Bioinformatics
what are non gene sequences

yatin.arora 06-08-2009 08:09 AM

what are non gene sequences
I was reading this patent which contained a training of a neural network the training set consisted of a set of genes and a set of non genes could you give me some information about non genes that is
1.what are non genes?
2. how can i get their sequences ?
3. what kind of organisms have high number of non genes?
4.are pseudo genes same as non genes?

Patent and Paragraph details
publication number :US 2005 /0136480 A1
publication date 23rd june 2005
paragraph no [0081]

paragraph text
"The training set' consists of 1610 E coli .K-12
NCBI listed protein coding genes and 3000 F. E coli .K-12
ORFS (a stretch of sequence of length more than 20 amino
acids and having start codon, stop codon in the same frame)
which have not been reported as genes (non-genes). The
validation set has 1000 known genes and 1000 non-genes
from E coli .K-12 distinct from those used in the training set.
The test set contains another 1000 genes and 1000 nongenes
from the same organism.

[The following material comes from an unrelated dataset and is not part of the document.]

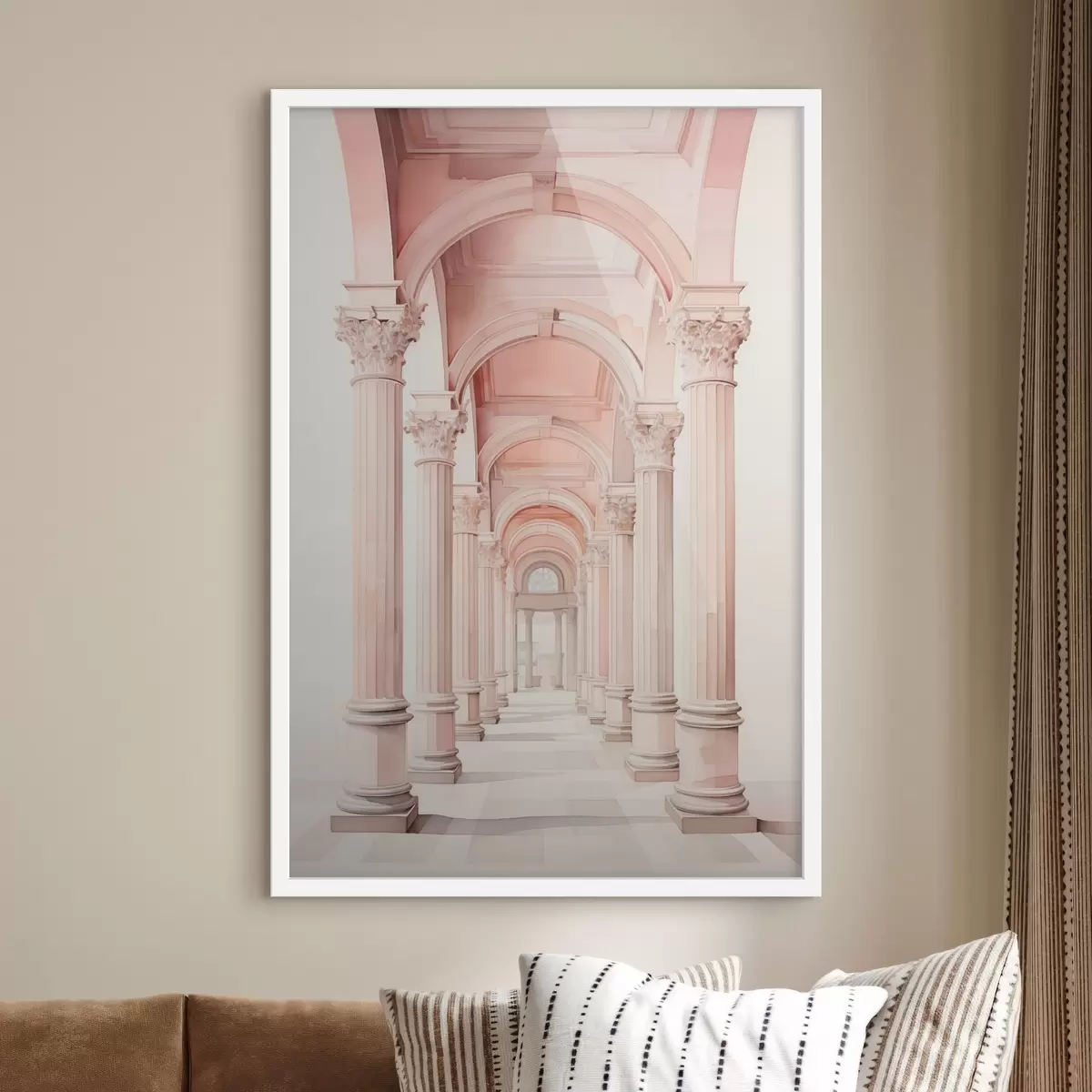 Plakat Arhitektuurne struktuur koos veergudega, mis imiteerib akvarellidega f42361

For training of the ANN,
genes and the non-genes are assigned a probability value of
1 and 0 respectively
expecting a prompt reply
yatin arora

Kai31410 06-23-2009 09:10 AM

Re: what are non gene sequences
A gene is the basic unit of heredity in a living organism. All living things depend on genes. Genes hold the information to build and maintain their cells and pass genetic traits to offspring. In general terms, a gene is a segment of nucleic acid that, taken as a whole, specifies a trait. The colloquial usage of the term gene often refers to the scientific concept of an allele.

The notion of a gene has evolved with the science of genetics, which began when Gregor Mendel noticed that biological variations are inherited from parent organisms as specific, discrete traits. The biological entity responsible for defining traits was termed a gene, but the biological basis for inheritance remained unknown until DNA was identified as the genetic material in the 1940s. All organisms have many genes corresponding to many different biological traits, some of which are immediately visible, such as eye color or number of limbs, and some of which are not, such as blood type or increased risk for specific diseases, or the thousands of basic biochemical processes that comprise life.

Mathijs 06-24-2009 10:42 AM

Re: what are non gene sequences
Not everything that has a start codon and stopcodon in the same frame on the genome is actually a coding gene sequence. In non-coding junk DNA there will be sequences occuring that simply have a start and stop codon in frame by chance. The position in the genome and absence of regulatory sequences (such as promotors) will prevent such open reading frames from beeing expressed. They simply took 1000 of these open reading frames, (from which they know that they aren't expressed) and 1000 open reading frames of actual genes.